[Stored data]
################
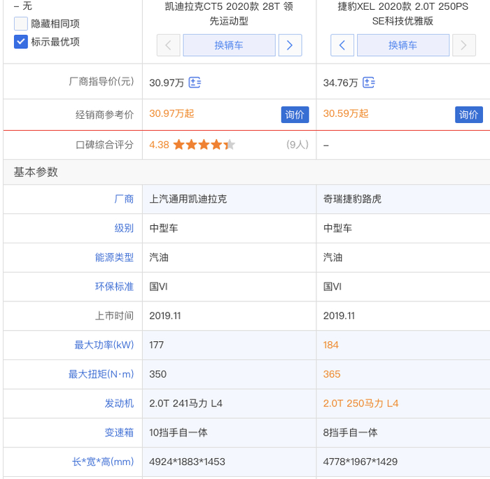 新款捷豹XEL的售价区间为28.98万~38.06万元,性价比方面,CT5也高一些,但同样是在动力方面,新款捷豹XEL最大功率可达184kW,最大扭矩为365N·M,优于CT5。
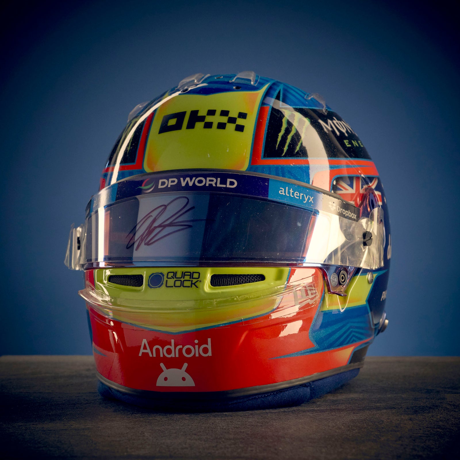 The decision to donate the race-used 2024 Bahrain International Circuit race helmet has been made to raise funds directly for a cause close to the driver's heart. Earlier this year, Piastri became an ambassador for My Room, the Australian children’s cancer charity that is volunteer-led and dedicated to supporting families impacted by cancer; while funding vital services and research to bring hope to young patients and their loved ones. Every penny raised by this helmet on F1® Authentics Austin GP Auction will go towards supporting this worthy cause.
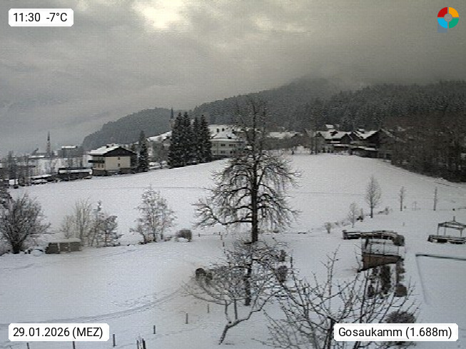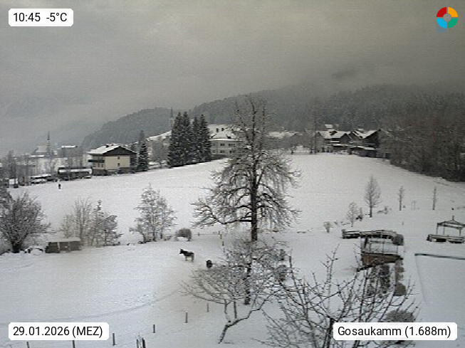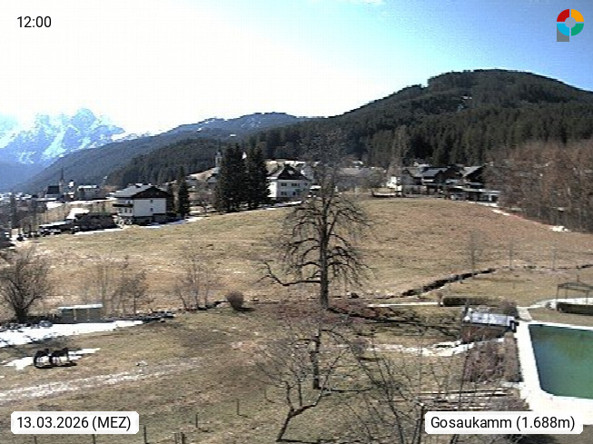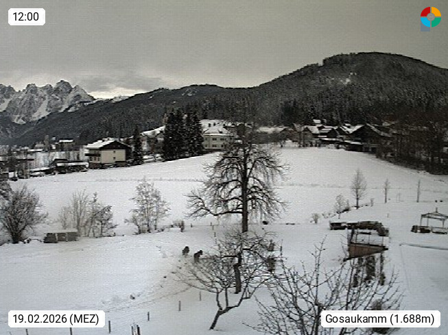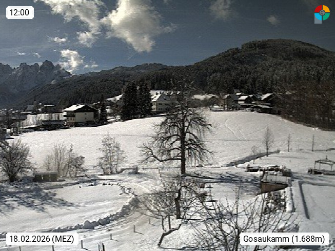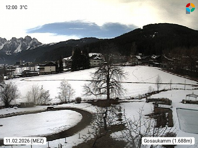 A 4824 Gosau Gosau 767m, im Bezirk Gmunden im Traunviertel, Blick Richtung Süden zum Gosaukamm, mit seinem schroffen Felsgrat mit Höhen über 2.000 Meter, eine unverwechselbare Kulisse an der Grenze zwischen den Bundesländern Salzburg und Oberösterreich. Presented by https://www.hotel-koller.com.
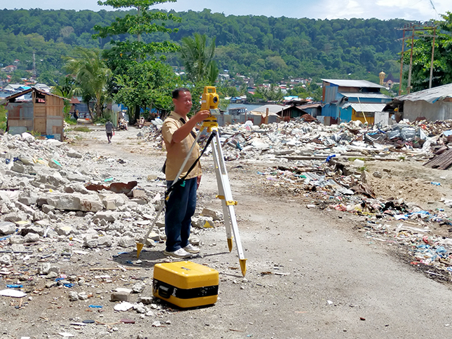 Nampak juga di tengah lokasi pasar yang sudah kosong, para penyedia jasa sedang melakukan pemantauan kondisi dengan menggunakan alat. [SDR-R3]
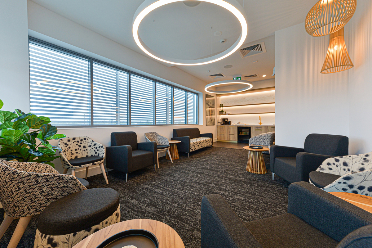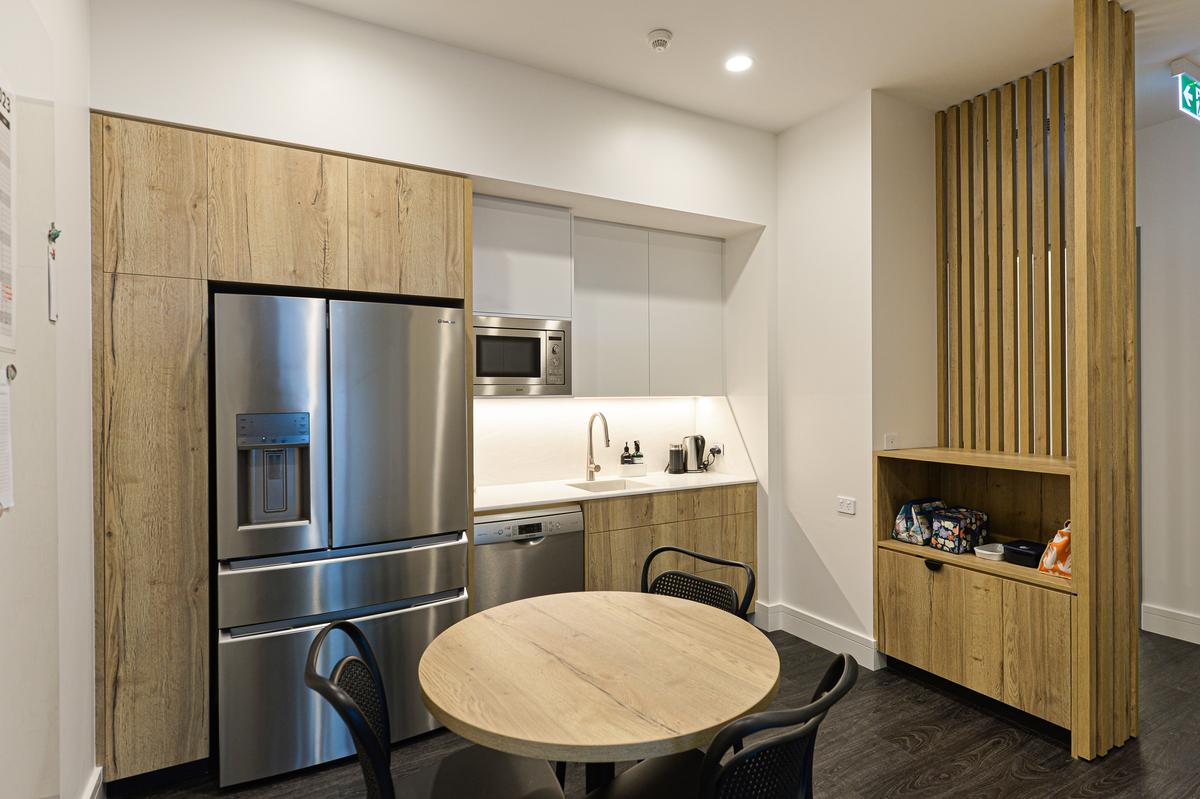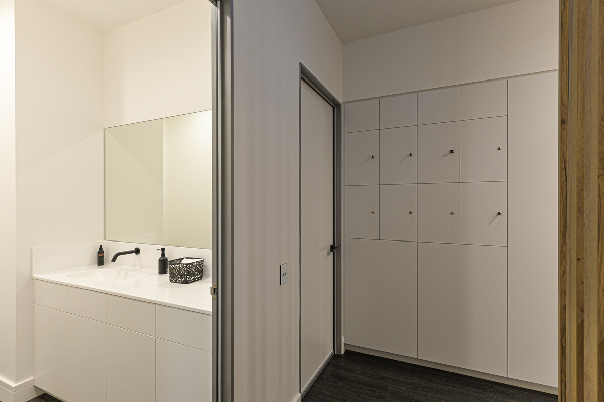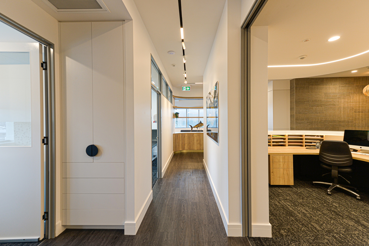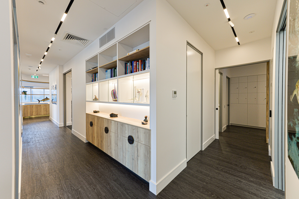 Treatment Rooms included Corian benchtops with moulded sinks providing a clean, joint-free surface. Electric-opening (servo-drive) overhead cupboards in the Treatment and Consulting Rooms conceal hand washing stations, while sensor taps and electric-opening (servo-drive) under-bench cupboards contain waste bins, for touch-free handwashing. Large Pocket Doors by Furnware cleverly conceal the cleaning sink in the utility area.
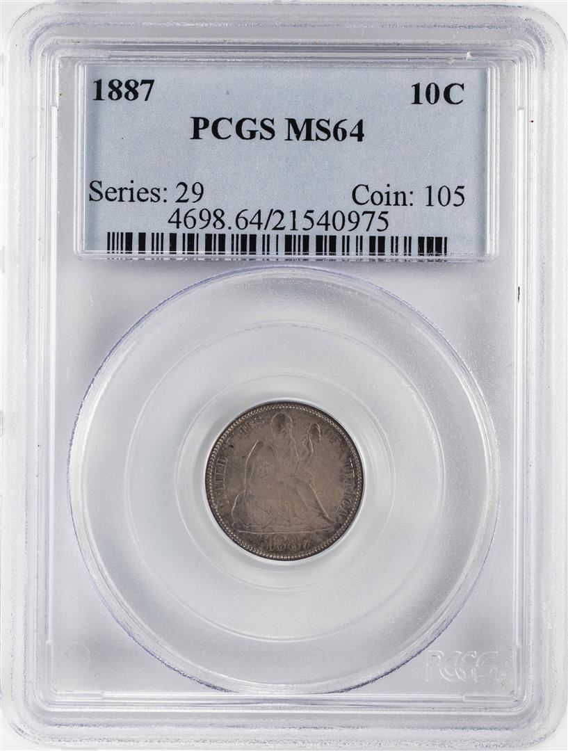 One 1887 Seated Liberty Dime Coin PCGS MS64. PCGS Graded.
################
**Task objective:** Your answer must consist only of the lines from the one containing "The decision to" through the end of the entries, restated word for word, with no pictures.

**Output of the task:**
 The decision to donate the race-used 2024 Bahrain International Circuit race helmet has been made to raise funds directly for a cause close to the driver's heart. Earlier this year, Piastri became an ambassador for My Room, the Australian children’s cancer charity that is volunteer-led and dedicated to supporting families impacted by cancer; while funding vital services and research to bring hope to young patients and their loved ones. Every penny raised by this helmet on F1® Authentics Austin GP Auction will go towards supporting this worthy cause.
 A 4824 Gosau Gosau 767m, im Bezirk Gmunden im Traunviertel, Blick Richtung Süden zum Gosaukamm, mit seinem schroffen Felsgrat mit Höhen über 2.000 Meter, eine unverwechselbare Kulisse an der Grenze zwischen den Bundesländern Salzburg und Oberösterreich. Presented by https://www.hotel-koller.com.
 Nampak juga di tengah lokasi pasar yang sudah kosong, para penyedia jasa sedang melakukan pemantauan kondisi dengan menggunakan alat. [SDR-R3]
 Treatment Rooms included Corian benchtops with moulded sinks providing a clean, joint-free surface. Electric-opening (servo-drive) overhead cupboards in the Treatment and Consulting Rooms conceal hand washing stations, while sensor taps and electric-opening (servo-drive) under-bench cupboards contain waste bins, for touch-free handwashing. Large Pocket Doors by Furnware cleverly conceal the cleaning sink in the utility area.
 One 1887 Seated Liberty Dime Coin PCGS MS64. PCGS Graded.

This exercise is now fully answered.